The Brazilian Congress on Health Informatics takes place in different cities every two years and has as its main subjects the applications of information technology and telematics to medicine, nursing, dentistry and allied health care sciences, from the point of view of the expert scientific and technical worker in these areas. The first conference was organized in November 1986, in the city of Campinas by Dr. Renato M.E. Sabbatini. The vice-president was Dr. Hugo Sabatino, and the editor-in-chief of the Conference's proceedings was Dr. Renato G.G. Terzi, all with the Medical School at the same university. During this conference, the Brazilian Society of Health Informatics was launched, as well as the Brazilian Journal of Health Informatics. The conference was then repeated in 1988 (São Paulo), 1990, 1992, 1994, 1996 (Campos do Jordão), 1998, 2000, 2002, 2004 (Natal), 2006 (Florianópolis) and 2008 (Campos do Jordão). The next conference will be held in November 2010, in Porto de Galinhas, Pernambuco.

==Publications==
SBIS' flagship periodical is the on-line scientific journal, Journal of Health Informatics (Heimar Marin, Editor-in-Chief). It also publishes SBIS News, an electronic bulletin hosted by Yahoo! Groups (Renato M.E. Sabbatini, editor-in-chief), and coordinates the SBIS-L e-mail discussion list.

==Electronic Health Record Certification Project==

In collaboration with the Brazilian Federal Council of Medicine since 2007, SBIS has developed one of few programs in the developing world geared towards the software certification in the area of electronic health records. The standards for access, information security, digital certification, patient confidentiality, storage of records, etc., have been discussed together and officially approved by a number of decrees enforced by CFM and are part now of a Manual, a course for buildup of a task force of specialized consultants. The certification standards cover ambulatory healthcare, clinical laboratory and other areas, and in the future will be expanded for inpatient health records and Picture archiving and communication system.
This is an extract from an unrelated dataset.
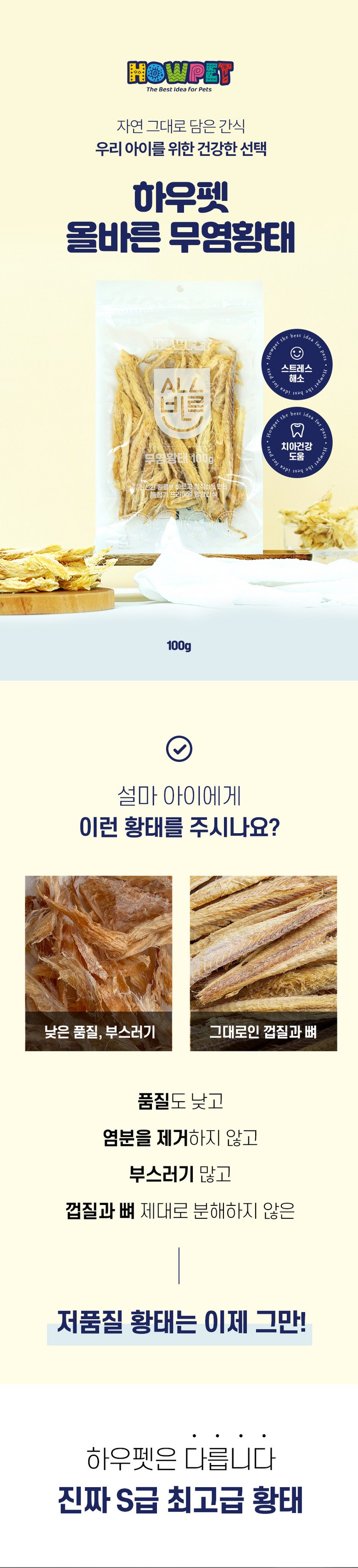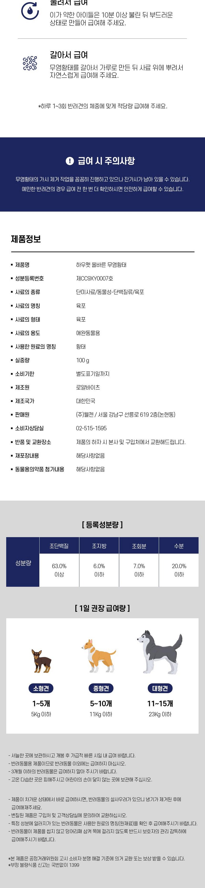 | 품명 및 모델명 | 하우펫 올바른 무염황태 간식 100g | 인증사항 | 상품 상세페이지 참조 |

==Professional Education==

In 2008 the Society approved the creation of a new initiative and a directorship to boost educational activities in health informatics. A website and a Learning Management System based on Moodle server were created in 2009 (address ). The site is used to support presential courses as well as to offer purely distance courses, seminars, lectures, and other educational activities. The site has also a digital library with on-line references to papers, reviews, e-books, multimedia files, etc., which are deemed useful for education and learning purposes. In addition, webconferencing facilities using DimDim have been added and can be used by associated individuals and institutions.

==Professional Certificate in Health Informatics==
In October 2009 the Society launched a program for certificating health care professionals as specialists, in a manner similar to medical specialties coordinated by the Brazilian Medical Association and the Federal Council of Medicine in Brazil. The program entails a minimum list of technical proficiency, a written and oral annual examination, and the issue of a certificate which is valid for five years. The revalidation of the certificate will be mandatory by means of continuing education credits. The Society installed also an educational accreditation program in place, for recognizing courses and curricula in health informatics, for this purpose, with a point-based system of credits. The entire program is under the responsibility of a new Directorship of Professional Education, coordinated by Prof. Renato M.E. Sabbatini.